• _WHAT TO WORK ON_
Could you retype the whole listing word for word and drop the images?

===== DATA EXTRACTS

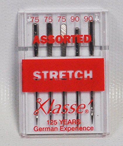 -. Feature : 5 Needles in package. 3x75 and 2x90. / Klasse sewing machine needles are precision-engineered in Germany by Europe's largest needle manufacturer. / Designed especially for two way stretch knits, lycra, power net, silk jersey, spandex and highly elasticised synthetic fabrics, also ideal for sewing elastic. The Stretch Needle has a specially designed scarf which prevents skipped stitched.
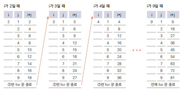 # 따라서 i가 2일 때 2*1, 2*2, 2*3 ~ 2*9까지 차례대로 수행되며 그 값을 출력하게 된다.
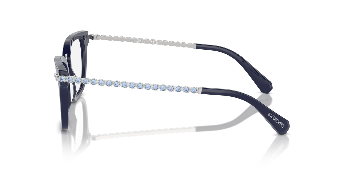 View model that effortlessly blends the best of both worlds and provides a harmonious and elegant choice for the undecided between metal or acetate. Swarovski draws inspiration from tennis bracelets and their cheerful allure and sparkle to adorn the bars. Swarovski crystals inspired by tennis bracelets adorn the metal bars of the model in: transparent, golden shadow, light sapphire or peridot. The terminals of the acetate bars match the color of the rings and the Swarovski logo of the metal bridge and bars.
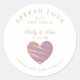 Sticker Rond Classique Pour Le Mariage De Coeur Violet. AVIS IMPORTANT : Ce design fait partie d'une collection et contient d'autres éléments coordonnés que vous pouvez trouver dans mon magasin. Parfois, il peut être difficile d'aesthealign et des textes ou initiales sur les dessins, si oui dites-moi et je le ferai pour vous. Customisez le design à votre goût et si vous ne trouvez pas ce que vous cherchez ou avez besoin d'une quelconque modification, contactez-moi à hello@themonogramfactory.com et je le ferai pour vous.
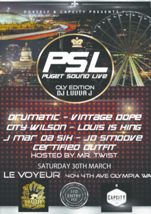 Puget Sound Live (PSL) features Independent Dope Music from All Over Highlighting Artist from the Northwest. PSL will Host showcases throughout the Puget Sound giving a platform for Independent artist to showcase their talent. Stay tuned for upcoming shows and cities near you.
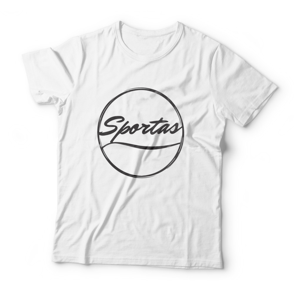 Majica s kratkimi rokavi z napisom Sportas, bela. Iz lahkega in trpežnega materiala, primerna tudi za intenzivno vadbo.
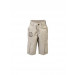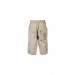 Beige cargo pants made of 100% cotton, has a looped waistband with an elasticated back, a hook and zipper closure, two insert pockets on the sides, two cargo pockets on the back with buttoned flaps, two cargo pockets on the knees with buttoned flaps, distressed look brand name on the right leg and distressed look graphic on the right pocket at the back
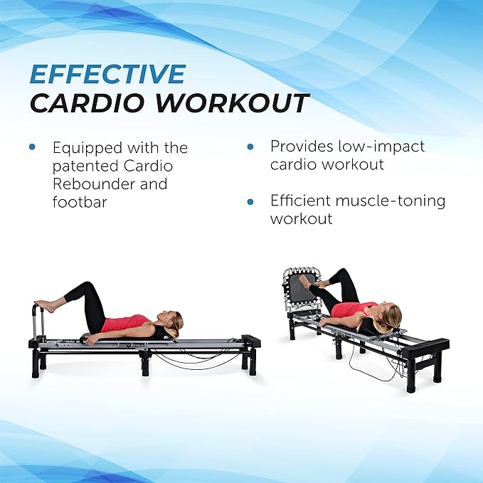 AeroPilates Reformer - Pilates Reformer Workout Machine for Home Gym - Cardio Fitness Rebounder- Up to 300 lbs Weight Capacity, Black

==========

• _SOLUTION TO THIS TASK_
 -. Feature : 5 Needles in package. 3x75 and 2x90. / Klasse sewing machine needles are precision-engineered in Germany by Europe's largest needle manufacturer. / Designed especially for two way stretch knits, lycra, power net, silk jersey, spandex and highly elasticised synthetic fabrics, also ideal for sewing elastic. The Stretch Needle has a specially designed scarf which prevents skipped stitched.
 # 따라서 i가 2일 때 2*1, 2*2, 2*3 ~ 2*9까지 차례대로 수행되며 그 값을 출력하게 된다.
 View model that effortlessly blends the best of both worlds and provides a harmonious and elegant choice for the undecided between metal or acetate. Swarovski draws inspiration from tennis bracelets and their cheerful allure and sparkle to adorn the bars. Swarovski crystals inspired by tennis bracelets adorn the metal bars of the model in: transparent, golden shadow, light sapphire or peridot. The terminals of the acetate bars match the color of the rings and the Swarovski logo of the metal bridge and bars.
 Sticker Rond Classique Pour Le Mariage De Coeur Violet. AVIS IMPORTANT : Ce design fait partie d'une collection et contient d'autres éléments coordonnés que vous pouvez trouver dans mon magasin. Parfois, il peut être difficile d'aesthealign et des textes ou initiales sur les dessins, si oui dites-moi et je le ferai pour vous. Customisez le design à votre goût et si vous ne trouvez pas ce que vous cherchez ou avez besoin d'une quelconque modification, contactez-moi à hello@themonogramfactory.com et je le ferai pour vous.
 Puget Sound Live (PSL) features Independent Dope Music from All Over Highlighting Artist from the Northwest. PSL will Host showcases throughout the Puget Sound giving a platform for Independent artist to showcase their talent. Stay tuned for upcoming shows and cities near you.
 Majica s kratkimi rokavi z napisom Sportas, bela. Iz lahkega in trpežnega materiala, primerna tudi za intenzivno vadbo.
 Beige cargo pants made of 100% cotton, has a looped waistband with an elasticated back, a hook and zipper closure, two insert pockets on the sides, two cargo pockets on the back with buttoned flaps, two cargo pockets on the knees with buttoned flaps, distressed look brand name on the right leg and distressed look graphic on the right pocket at the back
 AeroPilates Reformer - Pilates Reformer Workout Machine for Home Gym - Cardio Fitness Rebounder- Up to 300 lbs Weight Capacity, Black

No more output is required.